Urofacial Syndrome

Review
In: GeneReviews® [Internet]. Seattle (WA): University of Washington, Seattle; 1993.
[updated ].

Excerpt

Clinical characteristics: Urofacial syndrome (UFS; also known as Ochoa syndrome) is characterized by prenatal or childhood onset of urinary bladder voiding dysfunction, abnormal facial movement with expression (resulting from abnormal co-contraction of the corners of the mouth and eyes), and often bowel dysfunction (constipation and/or encopresis). Bladder voiding dysfunction can present before birth as megacystis. In infancy and later childhood, UFS can present with a poor urinary stream and dribbling incontinence; incomplete bladder emptying can lead to urinary infection with progressive kidney failure. Investigations after birth can show abnormal bladder contractility and vesicoureteral reflux of urine into the ureter and renal pelvis.

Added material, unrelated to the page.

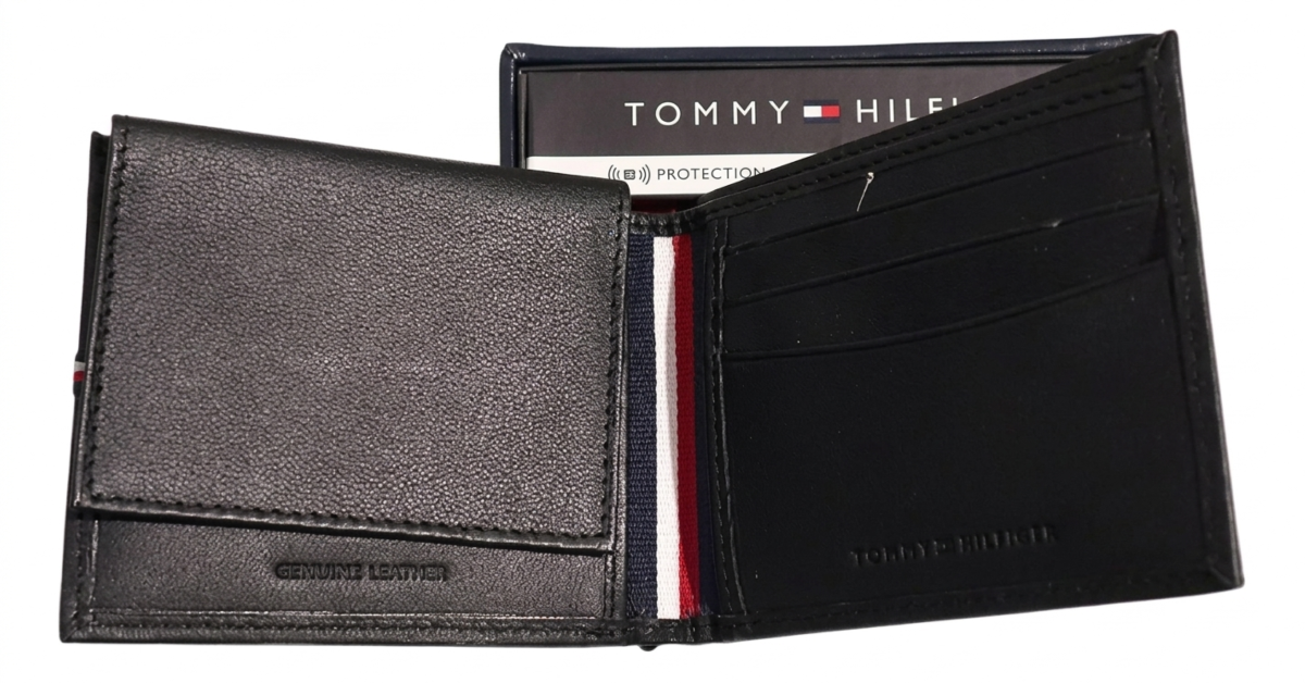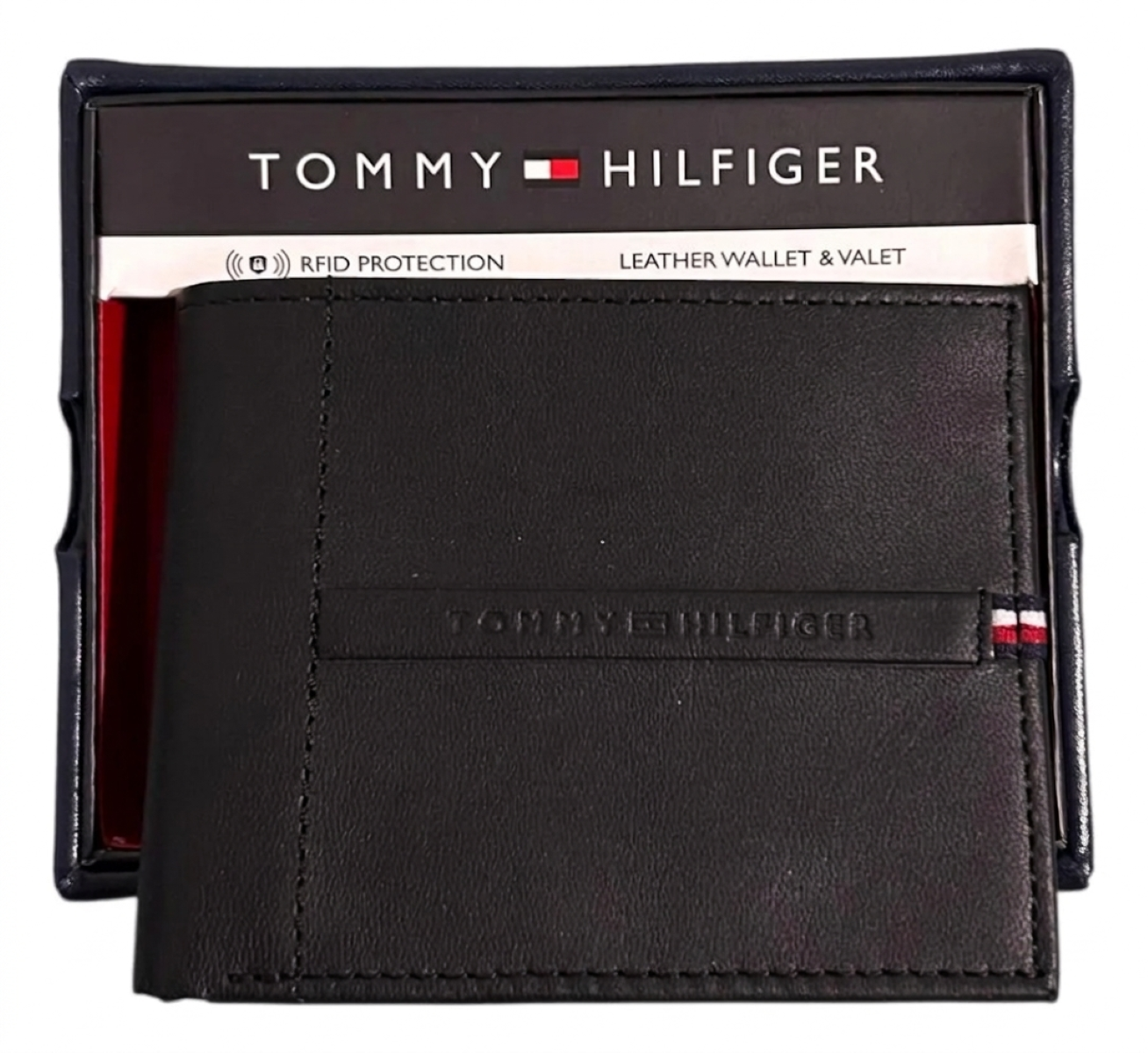 Tommy Hilfiger Bifold Carteira Masculina em Couro Legítimo Preta com Proteção RFID Antifraude Porta Cartões Compacta e Elegante
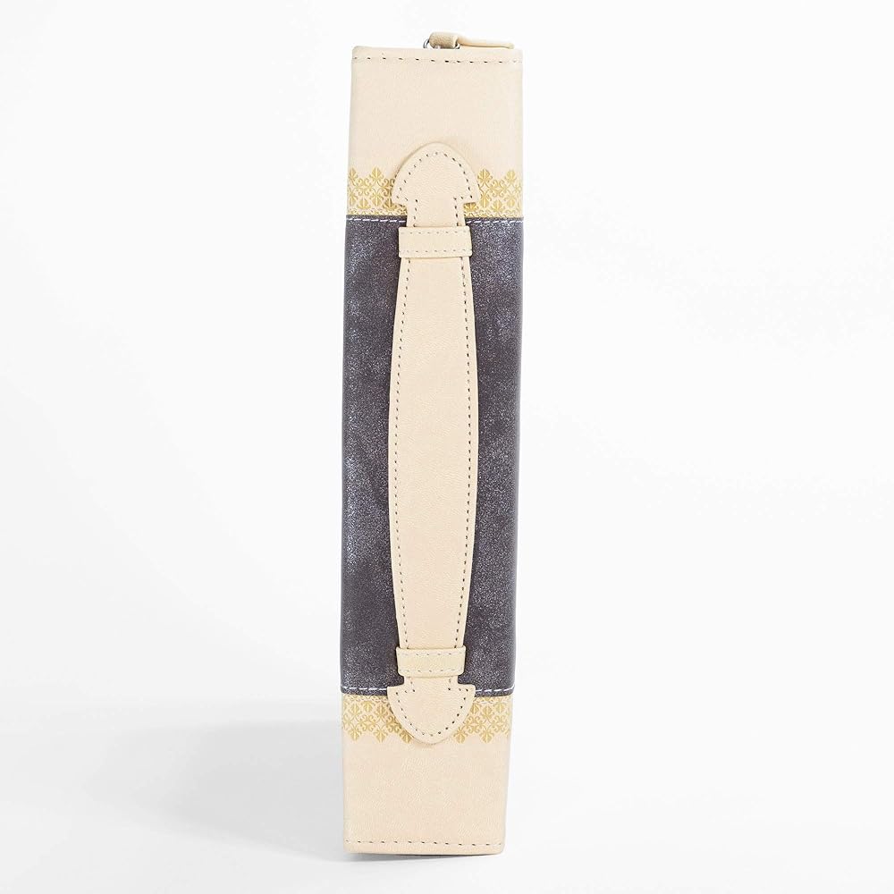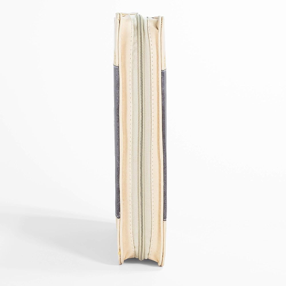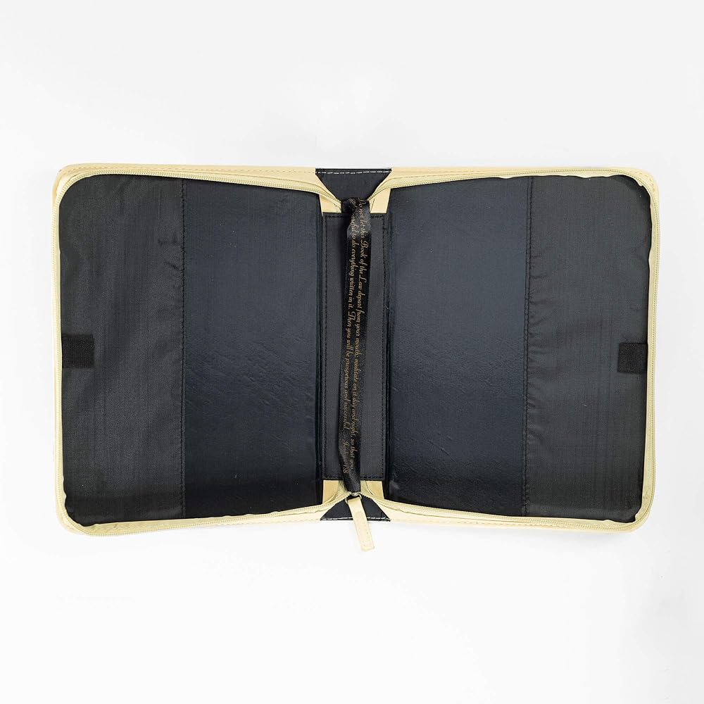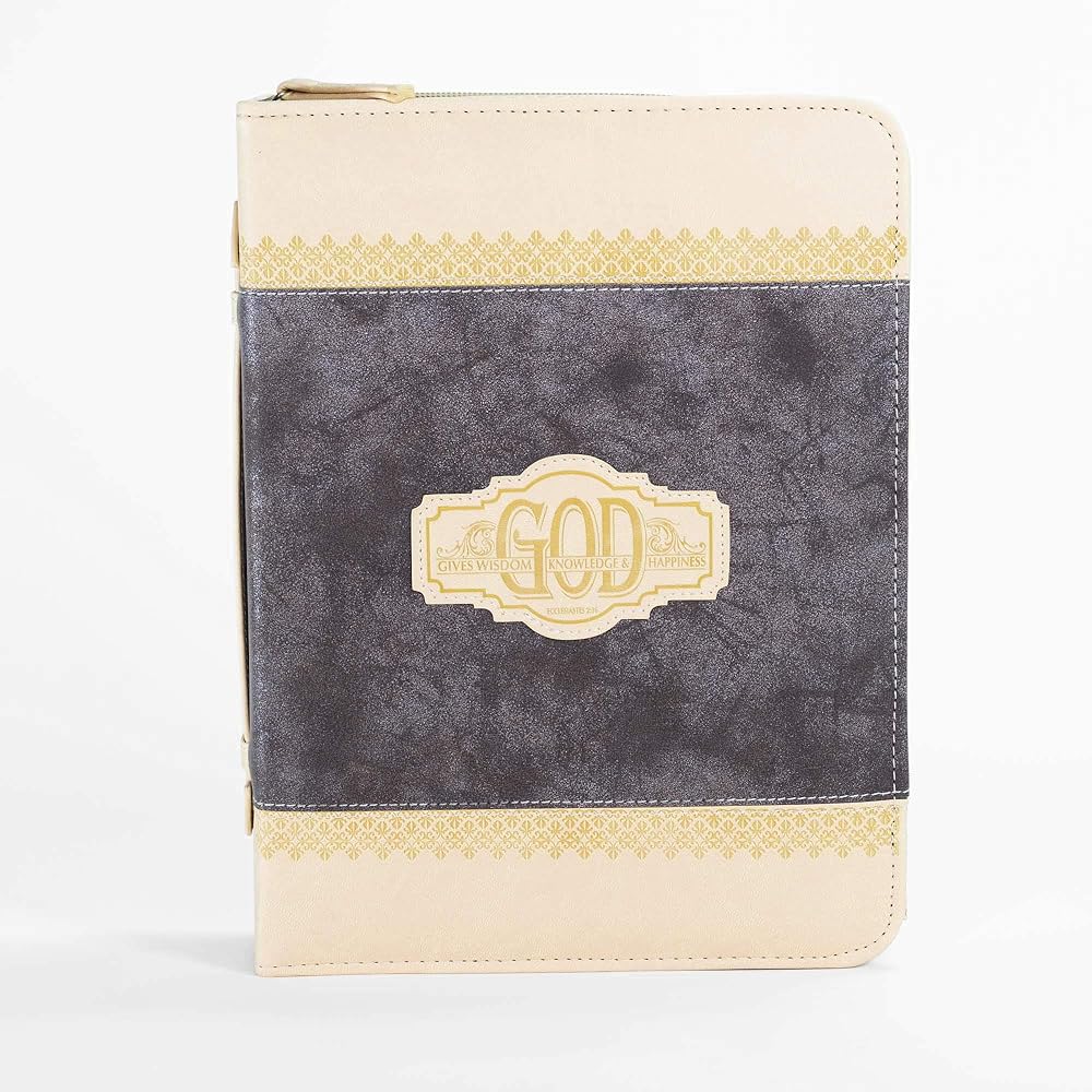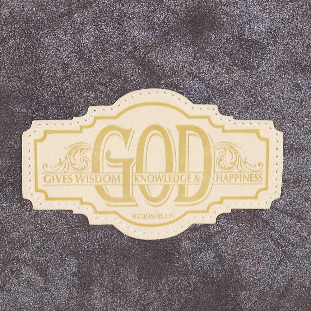 This Deluxe Faux leather Bible cover showcases exclusive hot stamp in intricate detail with scripture verse "God gives wisdom, knowledge and happiness." -Ecclesiastes 2: 26. Sewn in zippered closure and spine carrying handle for easy handling.

Nocturnal lagophthalmos (incomplete closing of the eyes during sleep) has also been documented.

Diagnosis/testing: The clinical diagnosis of UFS can be established in an individual with urinary tract dysfunction and characteristic facial movement with expression, or the molecular diagnosis can be established in an individual with characteristic features and biallelic pathogenic variants in either HPSE2 or LRIG2 identified by molecular genetic testing.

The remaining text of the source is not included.